Are the gadgets doing students any good anyway?

The more critical issue is whether the newest and best devices are actually the best options for enhancing learning.

Professor John Hattie from the University of Melbourne conducted a large meta-analysis of meta-analyses, which involves looking at the results of a very large pool of studies to determine what factors have the greatest impact on student learning. His findings suggest that technology or, as he put it, computer-assisted instruction, has only a marginal effect on student learning outcomes.

The issue is really then more about whether these devices are the best option for learning at all, than whether newer is better. Families shouldn’t be put in a position where they need to fork out a lot of money they may not have for technology that has a dubious effect on enhancing their child’s learning.

Underpinning the uncertainty surrounding the role of digital technologies in schools is that our understanding of these devices and how they can be best incorporated into teaching practice is far outpaced by the evolution of the devices themselves.
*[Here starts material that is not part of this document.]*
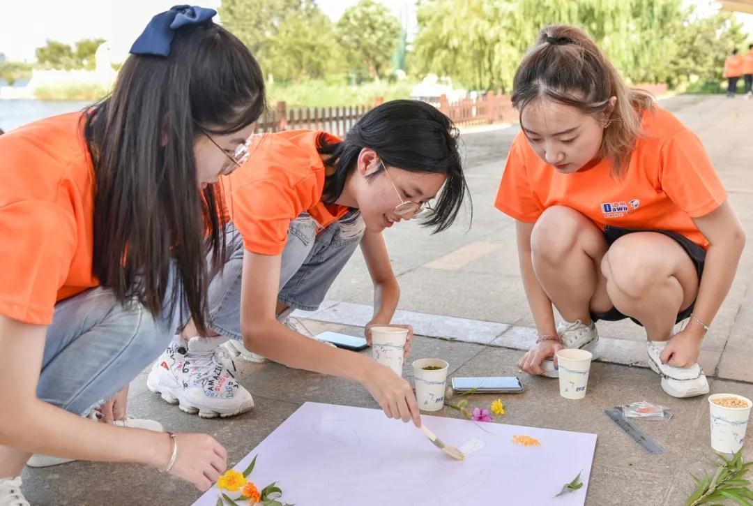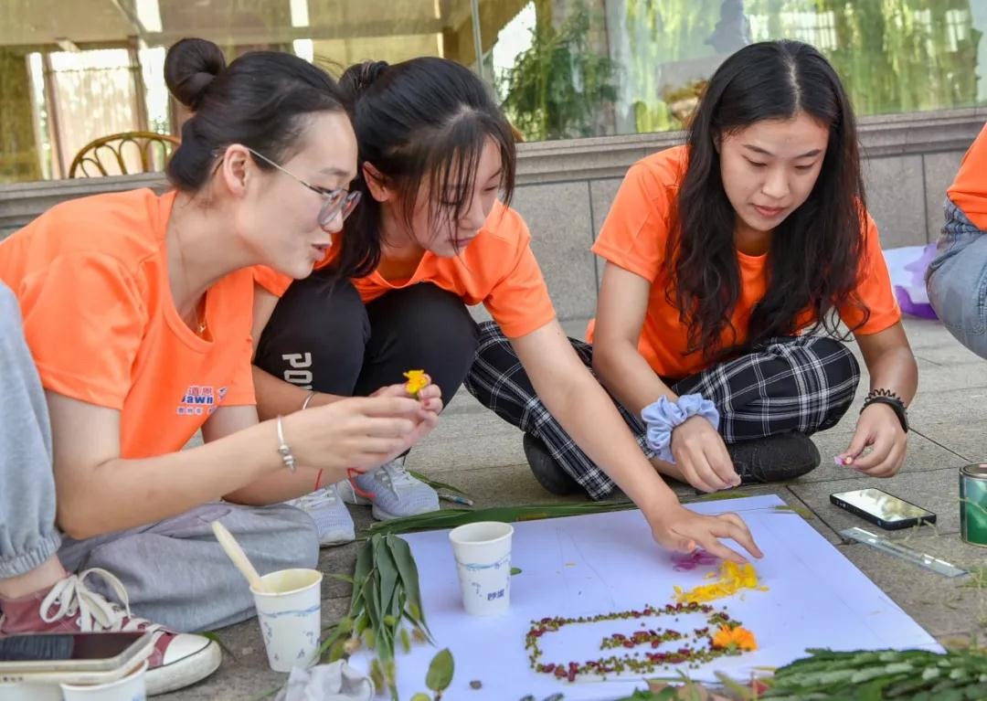 激昂青春志,共筑中国梦。今年恰逢中国共产党百年华诞,大学生们通过搜集树叶、豆子、贝壳等材料,手绘特色主题标语,弘爱党爱国之心,立青春鸿鹄之志,展示了新时代青年学子的新风貌和新力量。大学生们纷纷表示,心有所定、学有所成,将来为社会发展贡献青春和力量。临近活动结束之际,同学们在好博湖畔齐声喊响:“快乐起航,超越梦想”。这声音中洋溢着青春,洋溢着激情,更洋溢着对未来大学生活的憧憬与向往。

No sooner do we come to understand how best to use a technology in classrooms than the technology has already become obsolete.

The research being conducted into the ways in which technology can be used to enhance learning is therefore unable to keep pace with the development and use of new devices and applications. While it is perhaps cliché for a researcher to call for further research, in this case the cost to families, and the potential to create further inequalities in our education system would seem to warrant it.

As I have argued previously, throwing money at quick fixes is not the answer to improving education. This applies to technology more than anything else in the sector.

A greater emphasis needs to be placed on professional development for teachers and on educational design so that the maximum benefit of these new tools can be realised. The tools themselves are useless if the learning activities designed to utilise the tools are not up to standard.The ConversationJason Lodge is a Research Affiliate at the Science of Learning Research Centre (SLRC), Melbourne Graduate School of Education at University of Melbourne. The SLRC receives funding from the Australian Research Council.

This article was originally published on The Conversation. Read the original article.


  • As a Student who went through school when this program was still active, I can say that any claims that it had little effect I cannot understand. Maybe some schools don’t use the full potential of their devices, but in my classes, they helped so much.
    The entire class is able to just open up their computers and do research online as well as type up assignments. As matter of fact, I can’t remember a time when I did assignments any other way. I personally can not imagine going through my senior years without the assistance of the laptop I still have today and am using right now to post this comment.

    It’s a tragedy that state schools will no longer be funded for this program. I know that some private schools actually will still be continuing the program from their own funds. There really will be a divide between those equipped to work in today’s computerized environment and those who aren’t.

    • Seeing as tablets are falling in price rapidly and becoming more powerful, pretty soon we’ll see a capable multitouch tablet for $100 that can run real applications, not app store crap
      Pretty sure everyone can afford one

      Currently the closest thing is the asus vivotab, which is a few hundred, pretty affordable even for those on welfare, now if only I can put linux on it…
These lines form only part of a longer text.